The International Atomic Energy Agency (IAEA) attempts to keep track of radioactive materials. However, security standards reflect the degree of hazard presented by each material and radioactive materials are used extensively in medicine, industry, agriculture and research. Many are easier to acquire than the materials that would be required to produce a nuclear explosion.
The amount of explosive need not be large and the effects may not kill anyone. Anyone nearby would know a bomb had exploded, but would not automatically know it was a dirty bomb: you cannot taste, smell, feel or see radiation. Highly specialised techniques are required for removal of radioactive material.
Emergency response and decontamination
In the UK, the Home Office holds primary responsibility for counter-terrorism. In July 2001 it set up the Civil Contingencies Secretariat to improve the resilience of central Government and the UK. Resilience is defined as the ability to handle any disruptive challenges, including terrorism. Under the Government's 'New Dimension' programme, some 80 new incident response units (IRUs), have been provided to decontaminate large numbers of the public at the site of a CBRN incident. Emergency exercises are being planned and undertaken. Several government guidance documents on decontamination following exposure to CBRN material have also been produced.

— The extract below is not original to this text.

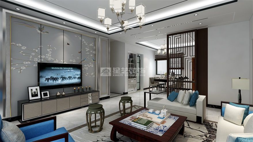 客廳采用的現(xiàn)代中式沙發(fā)和具有韻味的電視背景,整體空間一黑白為主色調(diào),輔之以藍(lán)色,紅木色和少量的黃色,簡(jiǎn)約而不失品味,電視強(qiáng)墻硬包的采用,景中有雀鳥和桃花的綻放,望著鳥兒徘徊,彷佛聞到了花香,心底對(duì)自然的熱愛(ài)在這一刻被掀起,久久不能平靜。

At present, there are relatively few companies in the UK that could handle radiological decontamination. Experience is mainly based on nuclear decommissioning and specific, relatively minor, incidents. Any longer-term clean-up operation would probably be beyond the capabilities of the existing damage mitigation companies.
On 3 October, DEFRA announced that the new government decontamination service (GDS) was formally open for business. The service is intended to:
- provide guidance to responsible authorities on contingency planning
- determine competence of contractors for cleaning up CBRN materials (either accidental or terrorist related)
- provide guidance to government on the national capability to deal with CBRN decontamination
- help coordinate decontamination operations if required.
In the event of a terrorist attack involving CBRN material, access to any affected site would be restricted, until clean up measures had been implemented. This would mean that site visits by adjusters would be severely delayed.
It may be more appropriate for initial damage appraisals to be carried out by specialists familiar with the type of substance concerned and wearing CBRN personal protective equipment (PPE), perhaps using a combination of digital video recording and photography. However, so far no UK decontamination companies have been tested in a response to a real CBRN terrorist incident.